My rig is composed of 4 5700xt.
It keeps crashing after anywhere from 20 mins to 18 hours. I’ve never got it to run for over 18 hours.
[0mAverage speed (10s): 0.00mh/s | 48.23mh/s | 0.00mh/s | 0.00mh/s Total: 48.23 mh/s [38;2;189;183;107mNew job received: 0xd01ff5 Epoch: 387 Target: 000000006df37f67 [0m[38;2;178;034;034mStuck device detected, invoking emergency script
The real problem : OS logs (repeated over and over)
Jan 10 12:25:23 hive5700XT kernel: [58483.988705] amdgpu: Failed to export SMU metrics table!
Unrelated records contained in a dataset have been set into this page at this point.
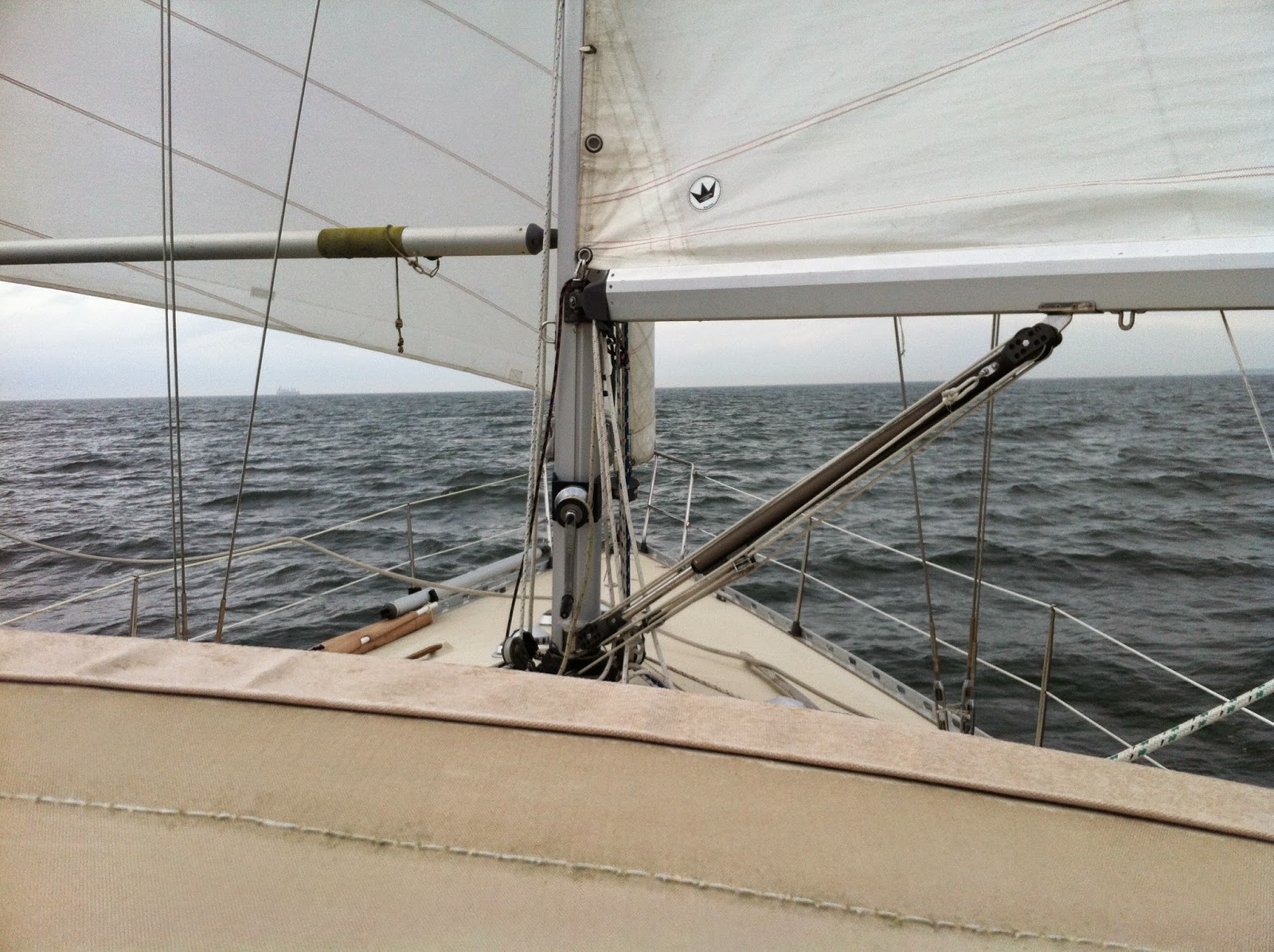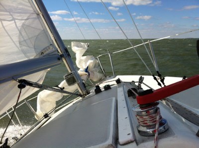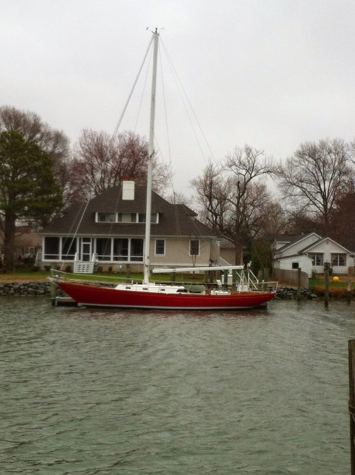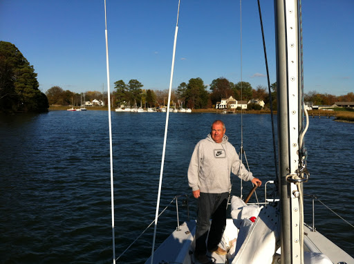 Over canvassed with the only reef in the main and a small jib we bashed into the Choptank. Soon we dropped the jib to carry on. With those 30 mph blows, we still had too much sail.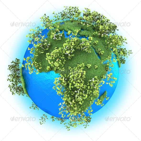 africa, bio, biosphere, blue, continent, earth, eco, ecology, environment, flora, global, globe, grass, grassy, green, illustration, isolated on white, model, orbit, planet, sphere, white background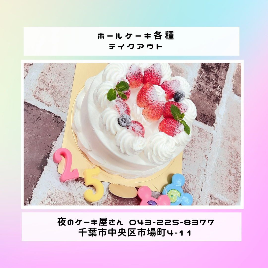 「夜のケーキ屋さん 千葉」で検索し🔎、当店のホームページからケーキの参考画像たくさん掲載しておりますので、✅ケーキのスクショを撮ってご相談いただけると適切なアドバイス、ご提案が出来ます。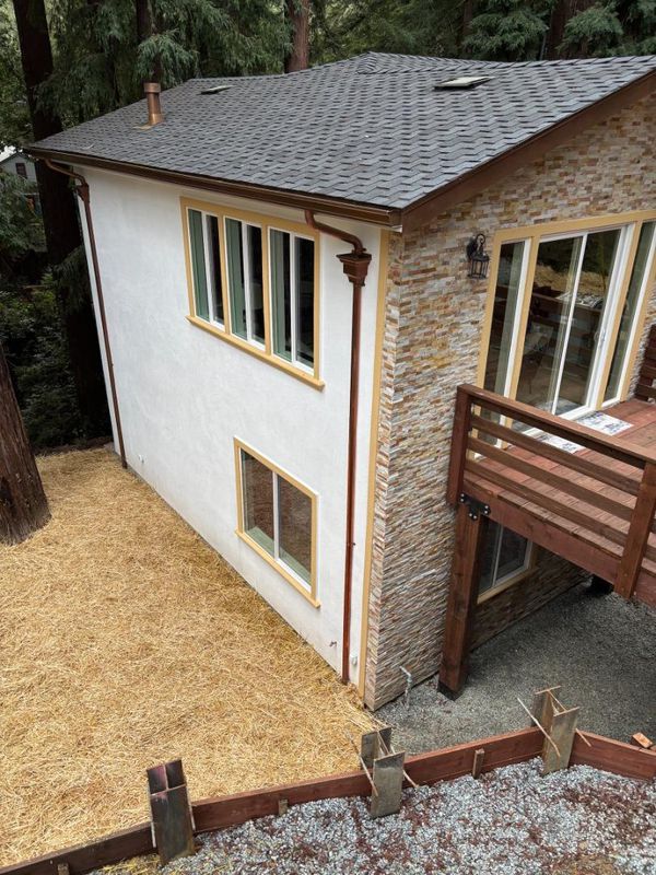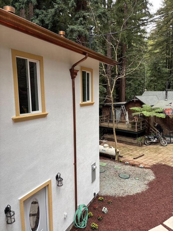 Appraised for $1,215,000. Brand new construction! Watch video walk thru and 3D Tour. Just competed! Never lived in! Seller is licensed contractor and engineer. Beautiful Carmel Stone facade framed in the tall redwoods invokes a touch of Carmel and Boulder Creek styling. Custom amenities include a large open-concept gourmet kitchen, spacious living room with vaulted ceilings, bonus room, and an outdoor deck that is ideal for sunset entertaining or quiet stargazing among the redwoods. Distinctive details include extra-large tile flooring throughout, floor-to-ceiling tile in the dual-sink bathrooms and laundry room, Italian marble-style countertops, custom kitchen cabinets, copper cladding on exterior facia with copper rain gutters, downspouts, and roof fixtures. Recessed lighting, custom Brazilian Sapele wood stairway railings, and motion sensor lighting in bathrooms and laundry room. Located in the acclaimed San Lorenzo Valley School District with schools just minutes away. This home was built beyond current codes and specs. Everything has been built, in some cases overbuilt, with every attention to detail. jacuzzi w/jets. Engineered septic system cost $100,000.

Jan 10 12:25:28 hive5700XT kernel: [58488.988954] amdgpu: Msg issuing pre-check failed and SMU may be not in the right state!
I’ve tried numerous different OC settings, these ones are pretty conservative and have good temps
What I’ve tried so far :
- Update B250 motherboard with this guide
- Change risers, splitters and power cables
- Tried running a single card at stock, crashed after ~20 hours (same OS error log)
- Update Hive OS to 0.6-191@210109
- Switched miners from PhoenixMiner to lolMiner (same OS error log)
Other info :
- Kernel 5.0.21-201105-hiveos
- AMD Driver OpenCL 20.30
I can’t find much information about these error logs, most of the ones that I found online are related to monitor issues, which doesn’t apply to me.
Anybody else encountered this issue?